- Born: Robert Jason Kennedy December 11, 1981 (age 44) Ft. Lauderdale, Florida, U.S.
- Education: University of Miami
- Occupation: Journalist
- Spouse: Lauren Scruggs ​(m. 2014)​
- Children: 2

= Jason Kennedy (TV personality) =

American entertainment journalist

Jason Kennedy (born December 11, 1977) is an entertainment journalist. He was the host of E! News and Live from E! and a contributor to the NBC Today Show.

==Biography ==
Kennedy was born in Fort Lauderdale, Florida. As a child, he produced a mock television news program from a home studio. Following his graduation from Westminster Academy, he attended the University of Miami, where he received several awards, including the Associated Press Award for Best News Feature in the state of Florida.

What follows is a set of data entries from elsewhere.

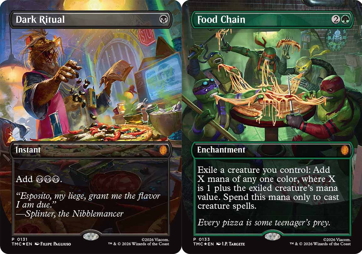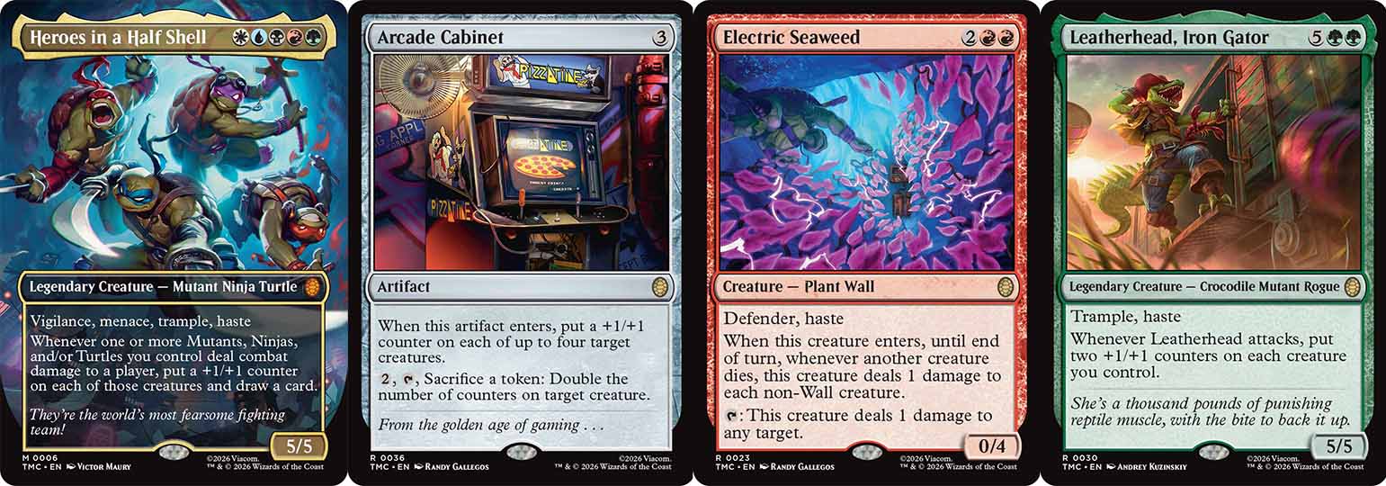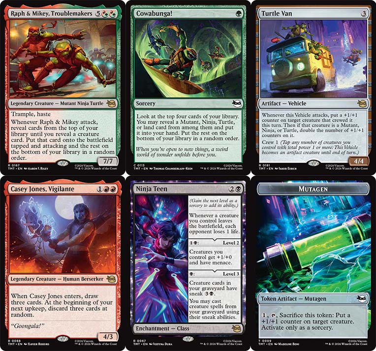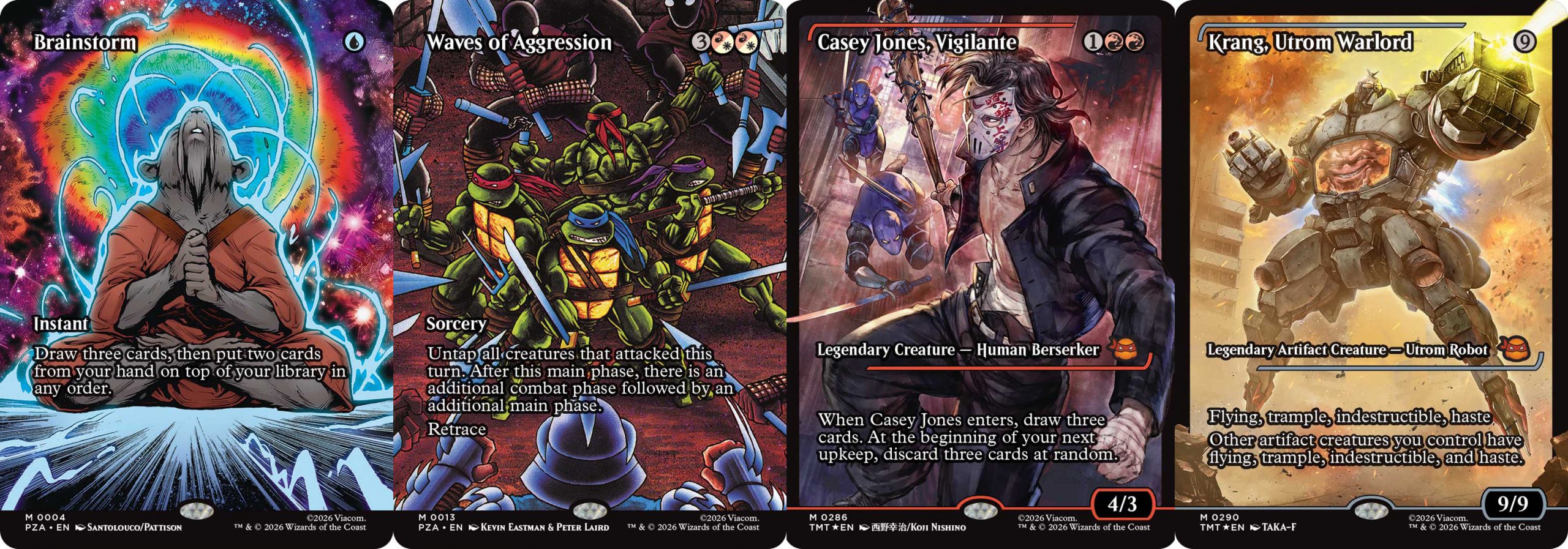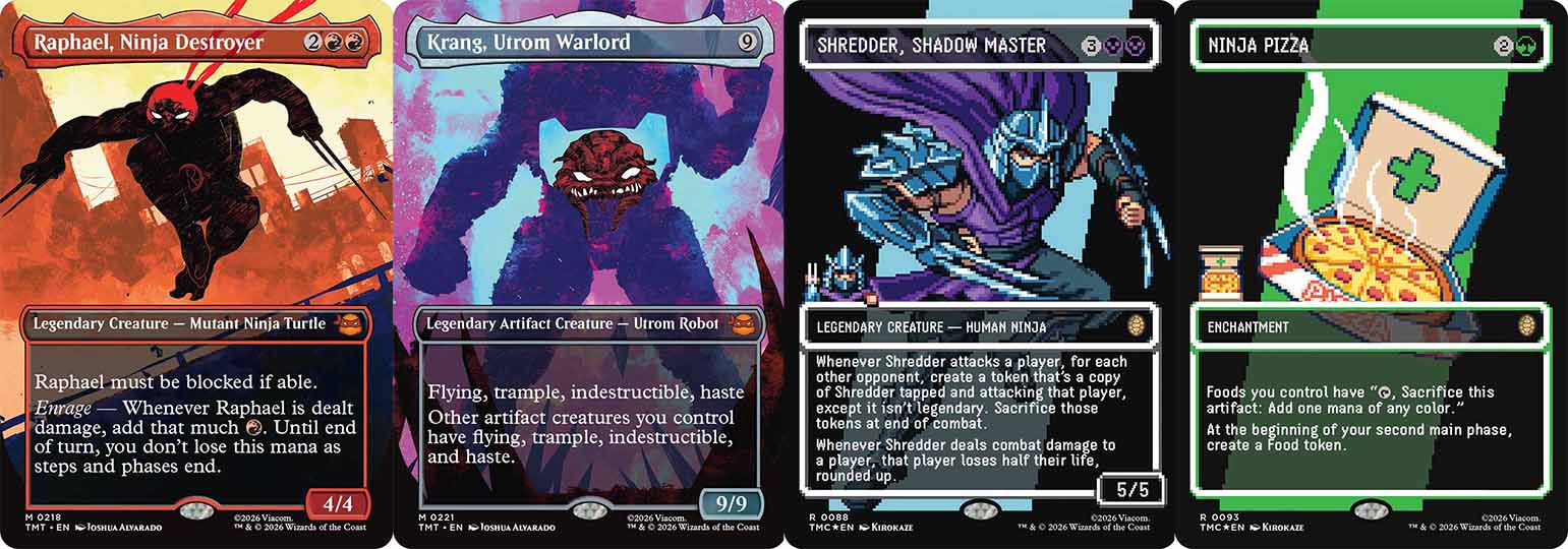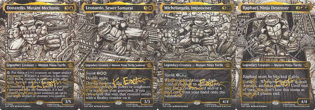 Una serie di carte borderless realizzate da Kevin Eastman in persona, co-creatore delle Tartarughe. Sono pensate come vere “headliner”, disponibili solo nei Collector Booster, e rappresentano uno dei massimi richiami per i collezionisti..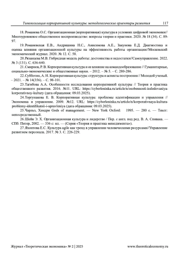 19. Романовская Е.В., Андряшина Н.С., Анисимова А.Е., Закунова Е.Д. Диагностика и оценка влияния организационной культуры на эффективность работы организации//Московский экономический журнал. 2020. № 12. С. 58. ;. DOI: 10.24411/2413-046X-2020-10856 EDN: KLOFKP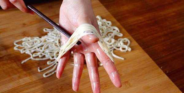 7、 浸泡好以後,把面條從碗裡面取出來,用手慢慢把它們拉成細長的面條,接著把面條繞在手掌上面,旋繞好以後更換兩根長長的筷子,繼續抻拉面條。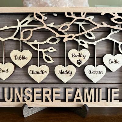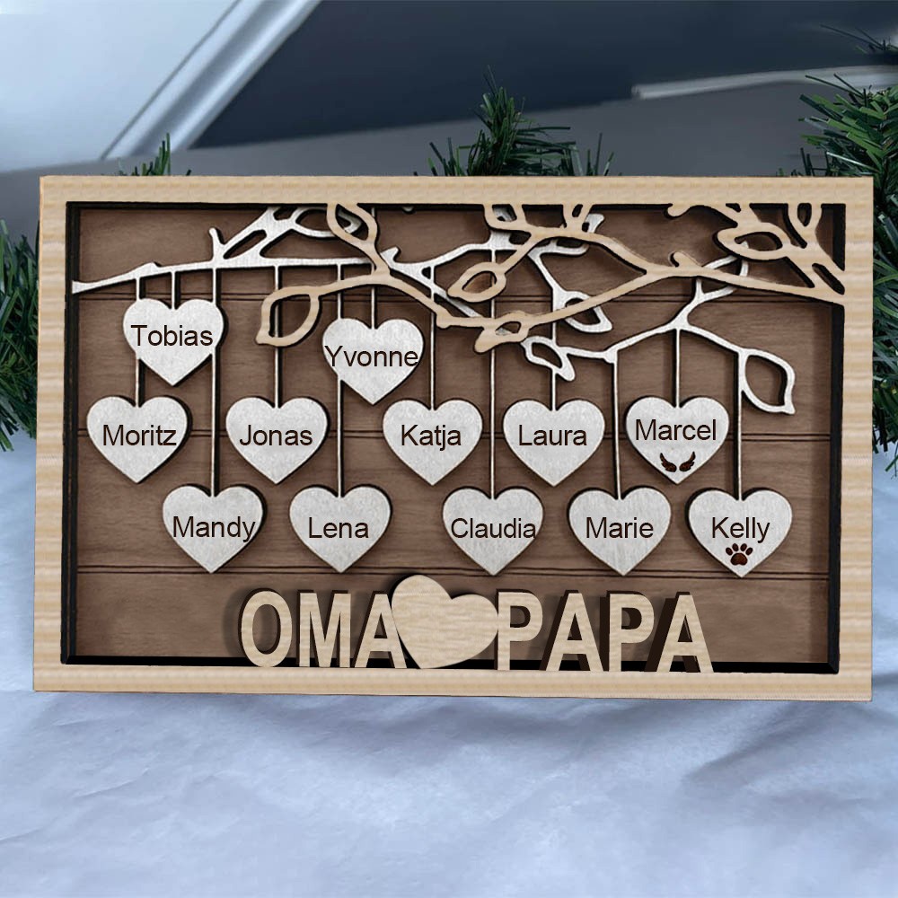 Personalisiertes Familien-Holzschild „Baum des Lebens“ mit Gravur des Namens des Kindes, einzigartiges Familiengeschenk für Mama und Oma, Geschenkideen zum Muttertag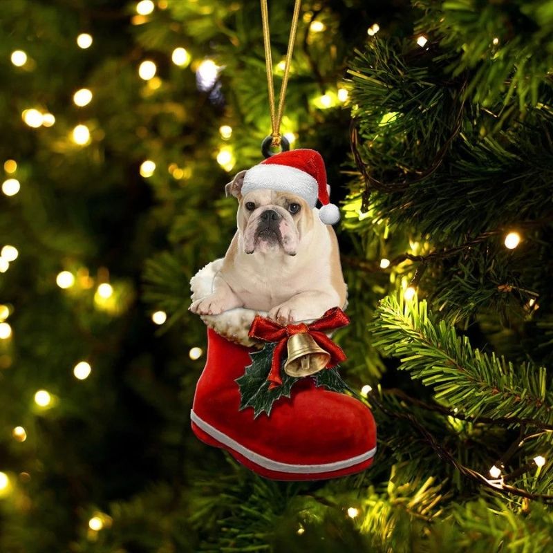 English Bulldog White In Santa Boot Christmas Hanging Ornament SB183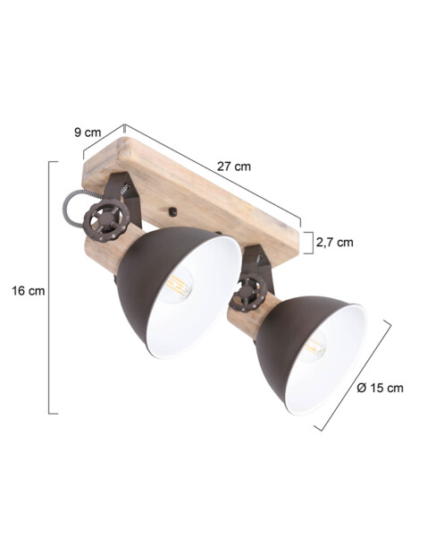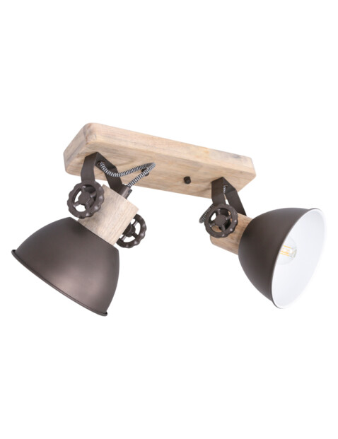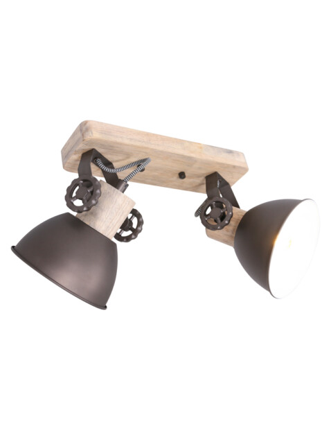 ¡Agrega un bonito acento industrial a tu interior con este doble foco de techo industrial en antracita de Mexlite! Este foco de techo cuenta con una placa de madera en la pared, sobre la cual están fijadas las lámparas con soportes de acero. Los ruedas giratorias no solo son un bonito detalle, sino que también te permiten orientar las dos pantallas de manera independiente. Así puedes usar una lámpara para crear un hermoso efecto de luz difusa a lo largo de tu techo, y la otra para iluminar una hermosa obra de arte en la pared. ¿A quién no le gustan las lámparas de techo robustas?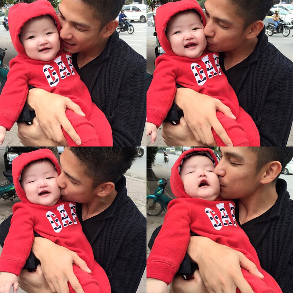 Hình ảnh cũ đáng yêu của con trai và chồng được Tâm Tít chia sẻ.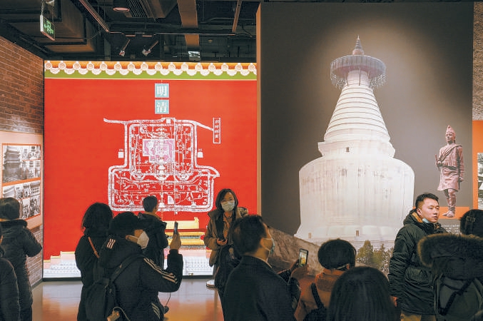 展厅中,293册志书层层摞放,巧妙地拼组成“京”字和天坛图案;栖息在古建筑上的北京雨燕飞越古今,成为北京中轴线的活态遗产;天棚藤架、石桌石凳、鸟笼等四合院的经典元素,彰显着北京胡同的独特韵味;蓑衣城墙遗址模型展现了古人保护元大都城墙的智慧……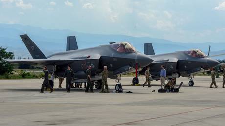 FILE PHOTO: Two U.S. Air Force F-35 Lightning II aircraft at the international airport Petrovec near Skopje, on June 17, 2022.
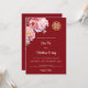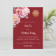 Este elegante convite de casamento chinês mostra peônias de aquarela e um símbolo de dupla felicidade de ouro em um fundo vermelho escuro. Nomes de noiva e noivo em um elegante roteiro escrito à mão. Convite para casamento chinês ou convite para cerimônia de chá. Na parte de trás estão os detalhes e um código qr digitalizável para o seu site de casamento.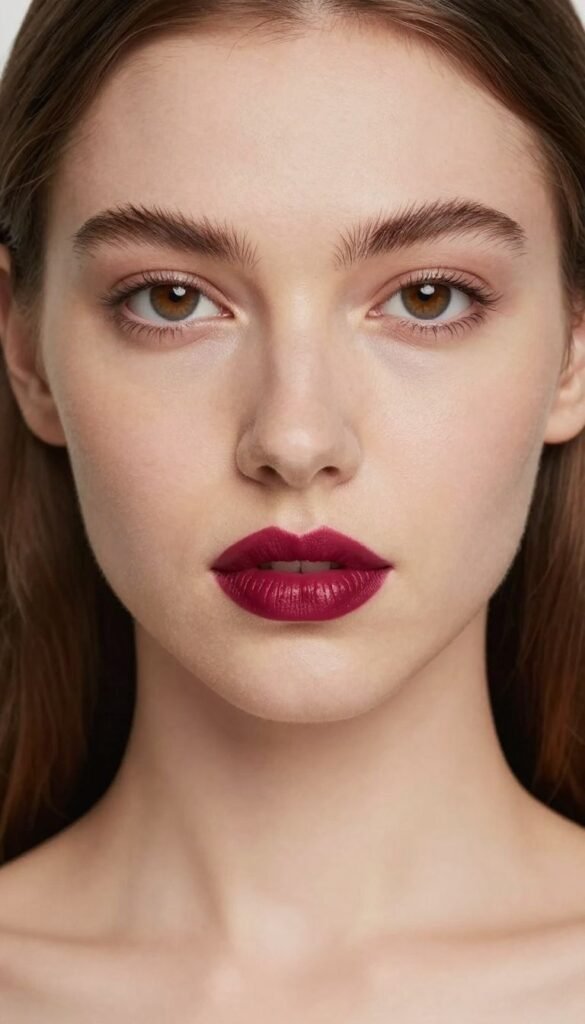 This look is incredibly chic and modern, highlighting your lips while letting your brown eyes maintain a soft, inviting allure.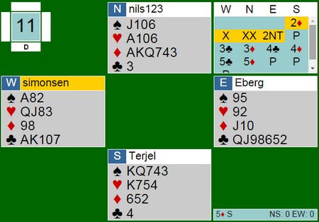 Det er lett å bli etterpåklok når en skal skrive om spill. Dette spillet er kanskje et slikt, men det viser i alle fall at kommunikasjonen mellom Olav Ellestad og Bjørnar Halderaker er på plass. Det kan se litt underlig ut av syd å gå på over 4hj med en minimumsåpning, men poenget er at den er allerede vis med 3hj. Selv da var makker sleminteressert og Bjørnar vurderte sine mellomkort i trumf til å være viktige, det samme med ED i spar og ruterkongen. Det stemte og kontrakten var rett så fin. Det stod i praksis på en av to finesser, og når begge gikk var det tretten stikk. 11 IMP i gevinst mot 4hj +510 på det andre bordet.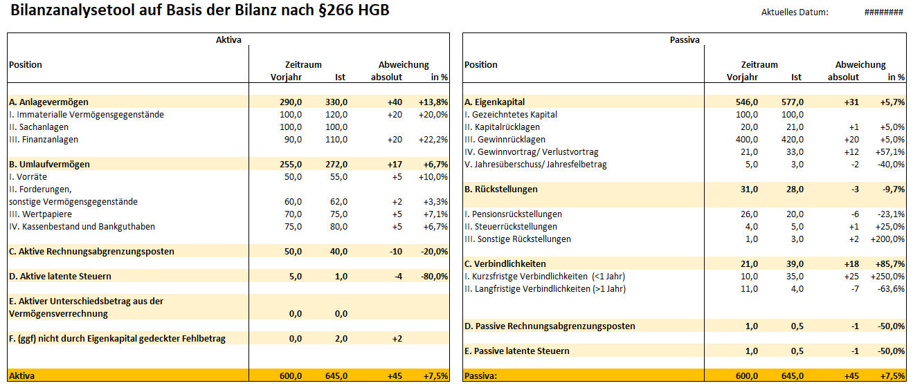 - Jahresvergleich der einzelnen Bilanzpositionen

He moved to Los Angeles in 2004 and began anchoring segments for Open Call on the TV Guide Channel. He subsequently joined E! Network. Beginning in May 2008, Kennedy hosted Dance Machine on ABC.

== Personal life ==
Kennedy began dating Lauren Scruggs in 2013. They were married on December 12, 2014, in Dallas, Texas. They have a son who was born April 2022. They welcomed a daughter in October 2023.